97 Followers
70 Following
Merle

Merle

Here be Dragons - Sharon Kay Penman I usually shy away from historical fiction starring real people, finding that such books are often dry--that, or widely derided for inaccuracy. This is one of those rare books that is neither, that is thoroughly researched but never reads like biography; the characters and their inner lives and relationships are fleshed out in a way that would make any novelist proud.

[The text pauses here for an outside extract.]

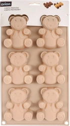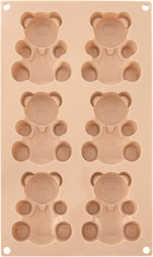 A practical beige silicone mold makes up to 6 adorable bears measuring 8.5 × 7 cm. It is flexible, non-stick, and heat-resistant from -40 °C to +200 °C. Suitable for oven, microwave, and freezer, and it’s dishwasher safe.
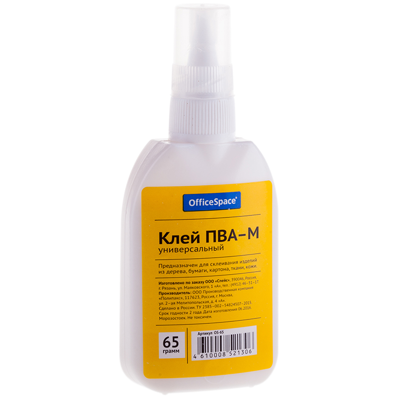Клей ПВА OfficeSpace в пластиковой бутылочке с дозатором, 65гр

Here Be Dragons spans 51 years of Welsh and English history (from 1183 to 1234), focusing on the lives of three main characters: Llewelyn, the Prince of Gwynedd; King John of England; and Joanna, John's illegitimate daughter and Llewelyn's wife. The character development is excellent, with nuanced portraits of each. I found them all ultimately sympathetic, but there's a lot of gray area and controversial decisions, just what I like in fiction. The time span, though, is both good and bad. On the positive side, we get a broad view of the historical picture and see the characters grow and mature; the love story, instead of just showing the courting phase, covers a decades-long marriage, which is especially refreshing because the portrayal is neither excessively idealistic nor depressingly dreary. The downside is that timeskips tend to be jarring; so much happens offstage in both the personal and political realms that constant exposition (often thinly disguised as dialogue) is required to keep us up to speed. I often felt like I lost track of the characters due to their rapid aging; Llewelyn, for instance, pops in and out of the narrative for the first 20 years covered, remaining distant from the reader up until his marriage with Joanna. This novel might have worked better as an entire trilogy! Without question, I thought the best part was the 50% or so in the middle, which spanned only 10-15 years and slowed down enough to allow the reader to become truly involved.

But any book with this many 5-star reviews has obviously hit on something, and Here Be Dragons has a winning combination: excellent history, but wonderfully readable, turning the characters into people who are fully realized and sympathetic. There's some action, and a fair number of events and situations that are truly bizarre--all of these, of course, grounded in the historical record. Overall, it's good stuff, and I would certainly recommend to historical fiction fans and those interested in sampling the genre.